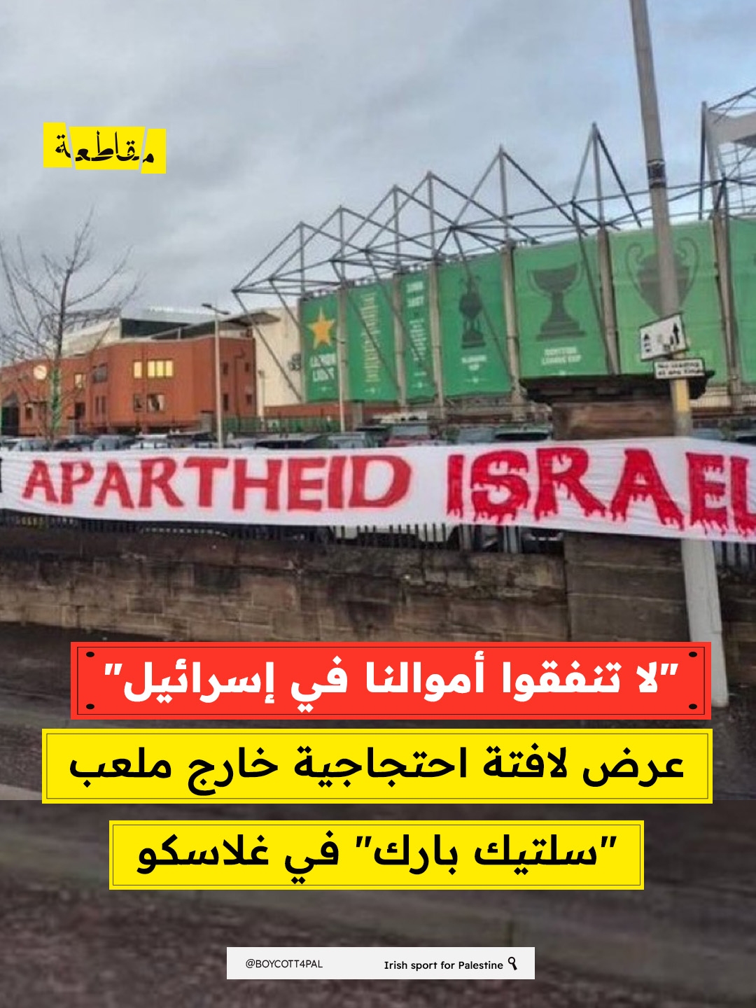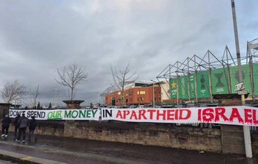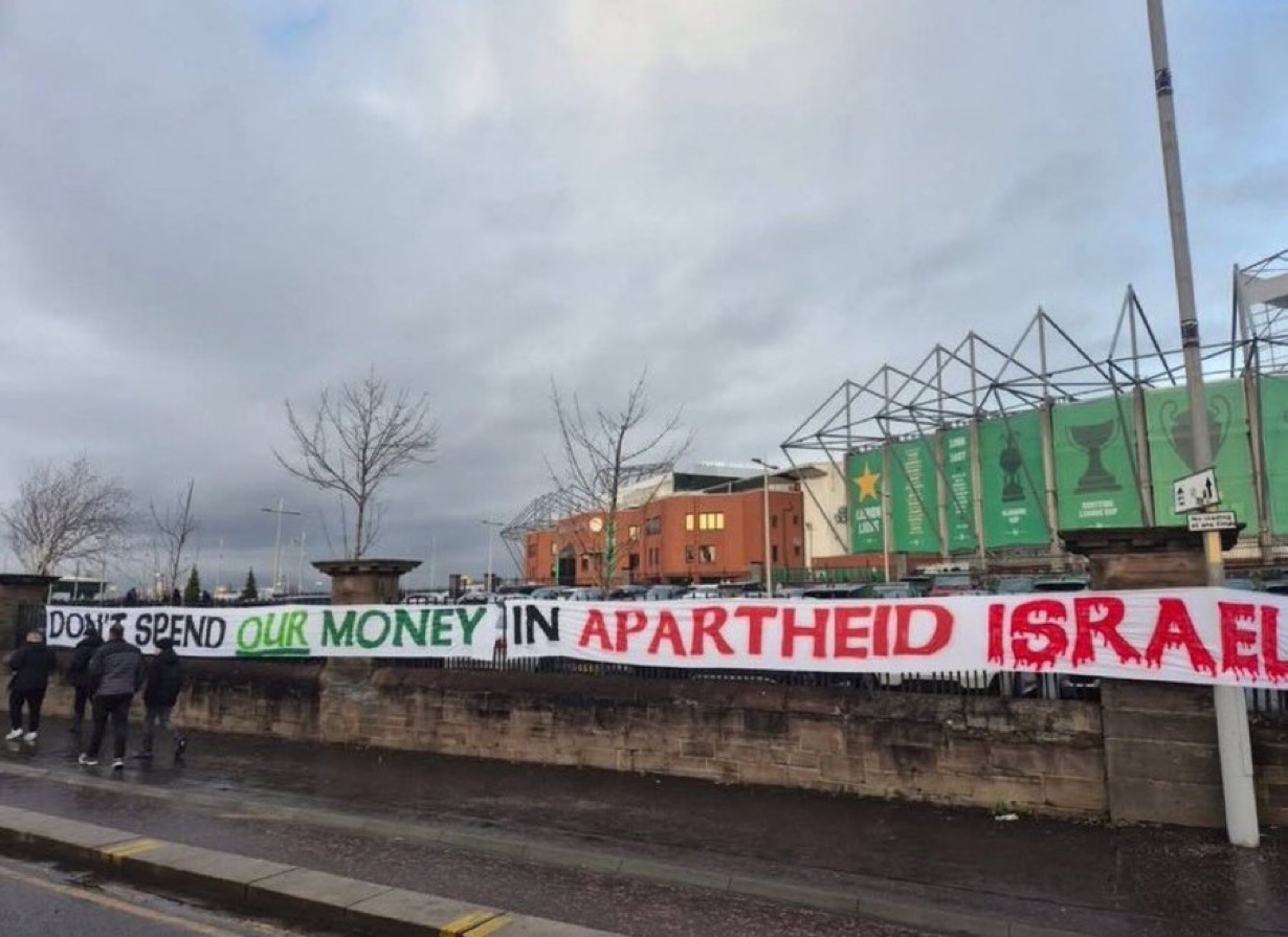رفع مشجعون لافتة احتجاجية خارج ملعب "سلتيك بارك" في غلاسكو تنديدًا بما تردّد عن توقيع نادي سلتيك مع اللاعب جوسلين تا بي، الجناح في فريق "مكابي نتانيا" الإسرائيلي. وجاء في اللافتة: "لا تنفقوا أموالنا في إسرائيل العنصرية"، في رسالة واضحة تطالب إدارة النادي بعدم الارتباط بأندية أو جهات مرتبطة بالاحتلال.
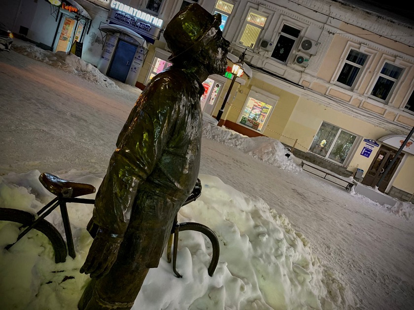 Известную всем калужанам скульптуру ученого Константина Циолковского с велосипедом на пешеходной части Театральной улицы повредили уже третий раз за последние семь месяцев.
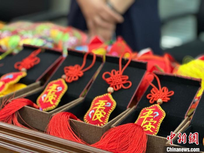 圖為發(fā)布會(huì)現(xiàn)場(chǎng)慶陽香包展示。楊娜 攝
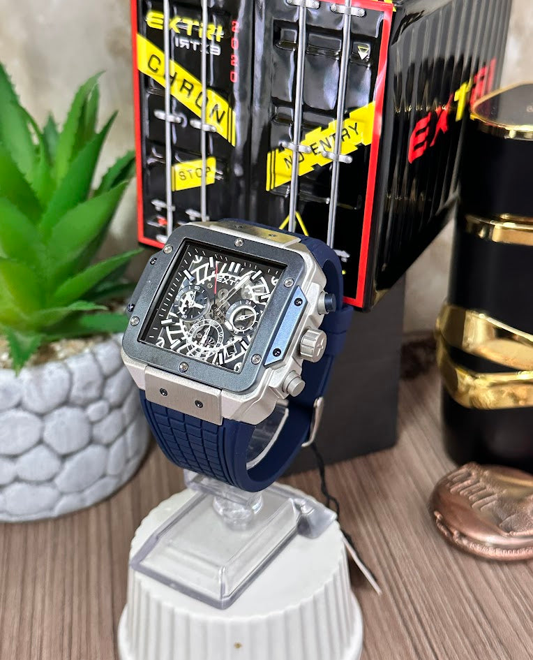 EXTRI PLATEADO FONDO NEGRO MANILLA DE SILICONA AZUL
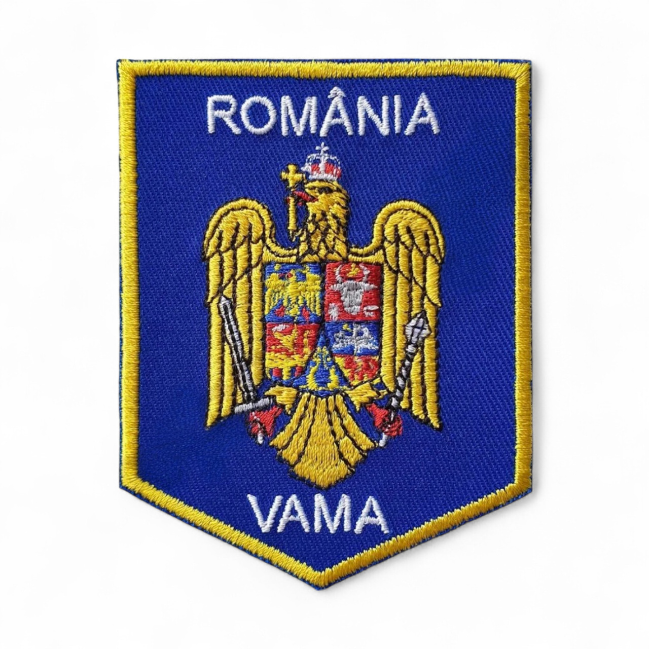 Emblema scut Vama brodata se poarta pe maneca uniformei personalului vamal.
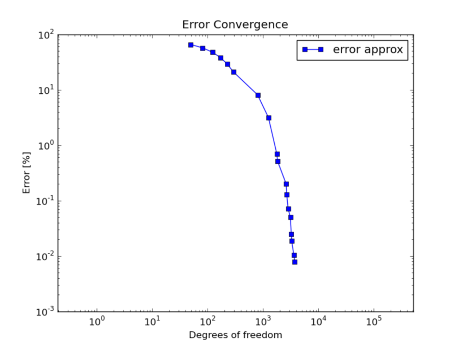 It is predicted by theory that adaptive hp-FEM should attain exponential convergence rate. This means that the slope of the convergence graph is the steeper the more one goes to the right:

---

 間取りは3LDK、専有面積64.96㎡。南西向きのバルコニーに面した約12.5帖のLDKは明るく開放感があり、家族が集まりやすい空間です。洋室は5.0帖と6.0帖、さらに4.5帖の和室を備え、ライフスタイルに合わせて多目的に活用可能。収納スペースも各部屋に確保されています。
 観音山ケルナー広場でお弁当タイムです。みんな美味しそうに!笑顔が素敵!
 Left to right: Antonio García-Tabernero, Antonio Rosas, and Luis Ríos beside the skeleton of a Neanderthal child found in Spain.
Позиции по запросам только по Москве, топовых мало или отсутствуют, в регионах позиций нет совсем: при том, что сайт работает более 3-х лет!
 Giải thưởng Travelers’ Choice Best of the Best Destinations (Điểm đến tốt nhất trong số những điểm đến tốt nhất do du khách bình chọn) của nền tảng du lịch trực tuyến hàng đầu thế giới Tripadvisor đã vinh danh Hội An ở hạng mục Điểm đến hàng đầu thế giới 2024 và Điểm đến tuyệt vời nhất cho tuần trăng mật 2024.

→ **TASK TO CARRY OUT**: What's needed is an exact copy of the lines above from the one with "EXTRI PLATEADO FONDO" through the one with "It is predicted", both included; the pictures stay out.

→ **WRITTEN ANSWER**:
 EXTRI PLATEADO FONDO NEGRO MANILLA DE SILICONA AZUL
 Emblema scut Vama brodata se poarta pe maneca uniformei personalului vamal.
 It is predicted by theory that adaptive hp-FEM should attain exponential convergence rate. This means that the slope of the convergence graph is the steeper the more one goes to the right:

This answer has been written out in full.